We need support for decimal values.
We need support for negative values.
We need to achieve good performance

After some testing, we decided to go with the strategy proposed by Catrina and Saxena, in which decimal values can be represented as fixed-point values, and the latter can be encoded as elements in a finite field. Following that idea, we store a signed and scaled fixed-point value in a single Field element:

pub struct Quantized {
    pub x: Field,
}

Dealing with signed values: if the value is positive, it is represented as itself. If it is negative, it is represented as p - x where p is the modulus of the field we're working over.
Bitsizes: A field element has 254 bits where the first half can be used for positive values, and the second half for negative ones. However, we want to make use of the function decomposed, which splits a Field up into 128 first bits and the remaining 126 last bits. So for both positive and negative values we will use a maximum of 126 bits, and the two "left over" bits in the middle should stay unused always.
Prevent overflow/underflow: to maintain above bitsize always, we add checks on the bitsize of inputs before performing arithmetic. More on this later on.
Scaling the values: all values we work with have been multiplied by $2^{16}$ . This means they are scaled by $2^{- 16}$ . For example, Quantized { x: 65536 } equals 1, and Quantized { x: p-1 } equals $- 2^{- 16}$ .
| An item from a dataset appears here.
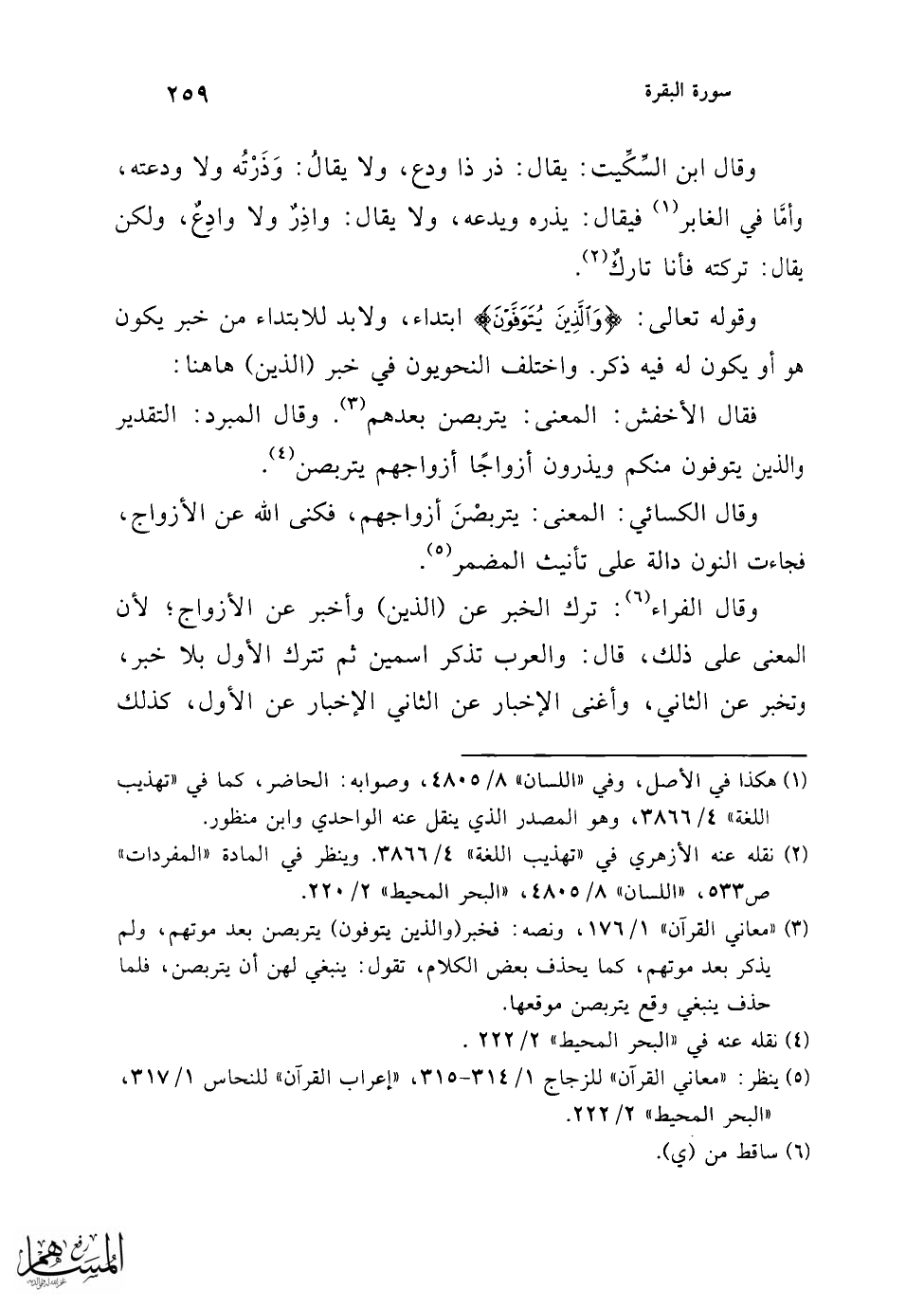 قال أبو إسحاق: وهذا القول غير جائز، لا يجوز أن يبتدأ بالاسم ولا يحدث عنه؛ لأن الكلام إنما وضع للفائدة، فما لا يفيد فليس بصحيح، والذي هو الحق في هذه المسألة: أن ذكر الذين قد جرى ابتداء، وذكر الأزواج قد جرى متصلا بصلة الذين، فصار الضمير الذي في (يتربصن) يعود على الأزواج مضافات إلى الذين، كأنك قلت: يتربصن أزواجهم. قال: ومثل هذا من الكلام: الذي يموت ولخلف ابنتين ترثان الثلثين، المعنى: ترث ابنتاه الثلثين (¬4).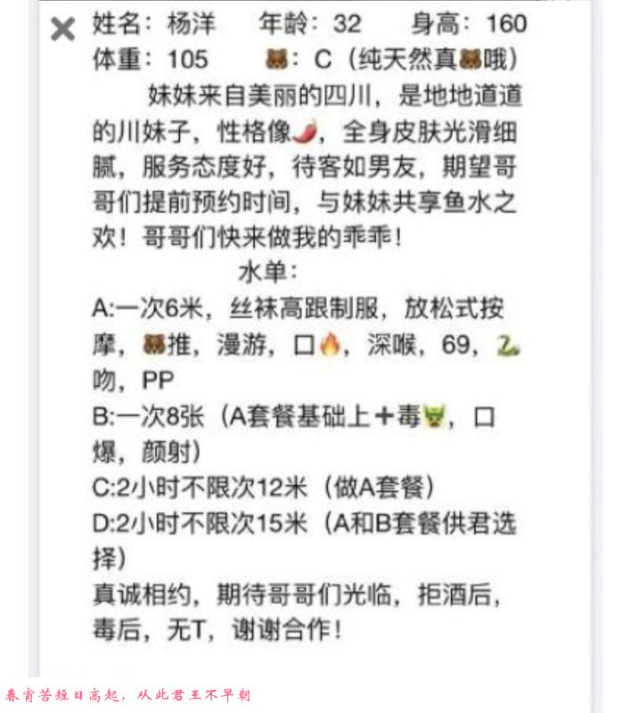 川妹子,之前加上几个月一直没时间去,有空遂去,卫生没啥问题,要求都能满足,妹子很有耐心,骚货下面水很

Visually, you can think of a Field element with space for 254 bits like this |_,_,...,_,_|. We can represent both positive and negative numbers in this type, by occupying different areas within that field. Positive numbers will only have maximum 126 bits set in the first half: |x,x,x,x,..,x, .. ,_,_,_,_|. Negative numbers will only have maximum 126 bits set in the second half: |_,_,_,_, .. x,x,x,..,x|. We prevent overlap that can occur due to arithmetics by asserting the proper bitsizes on inputs before doing any addition, subtraction or multiplication. The benefit of this choice is that a Field is already the standard type of Noir; all other types such as u8, u16, u32 etc. under the hood are Fields with additional rangechecks. This means that Fields are the most performant, which is exactly what we are looking for.

Simple arithmetic

Another benefit of this approach is that arithmetic is rather straightforward, because of the modular arithmetic in a field. Adding a pair of Quantized values automatically works by adding the underlying field values. The same holds for subtraction. For example, let's say we have decimal values $4.5 + (- 3.1)$ . First we represent them as Quantized:

$4.5 * 2^{16} = 294912$
$3.1 * 2^{16} = 203161.6$ . Notice that this value has some decimal numbers, so we truncate it to $203161$ .

In Noir we can write this as follows:

#![allow(unused)]
fn main() {
let a: Field = 294912;
let a_quantized = Quantized { x: a };
let b: Field = -203161; // This automatically becomes p-203161
let b_quantized = Quantized { x: b };
}

Then, we add them as follows:

#![allow(unused)]
fn main() {
let addition1_quantized = a1_quantized + b1_quantized;
}

The above operation is equal to

$294912 + (p - 203161) = 294912 - 203161 + p = 91751 + p,$

which is equals to $91751$ modulo $p$ .

Now, if we calculate the decimal representation of the result (i.e. converting back from Quantized to decimal value), we obtain the following result:

$91751 * \frac{1}{2 ^{16}} = 1.400,$

and if we simply compute $4.5 + (- 3.1)$ , we see that $1.4$ is indeed the expected value.

Multiplication

The most difficult arithmetic operation is multiplication due to the scale we are using. When we naively multiply 2 values, the result will be an order of scale too large. Let's say we are working with $a * 2^{16}$ and $b * 2^{16}$ , then a straightforward multiplication results in $a * b * 2^{32}$ . Division by the original scale is needed to get the result right. This means we have to do a multiplication and then scale down by dividing by $2^{16}$ . How to approach this?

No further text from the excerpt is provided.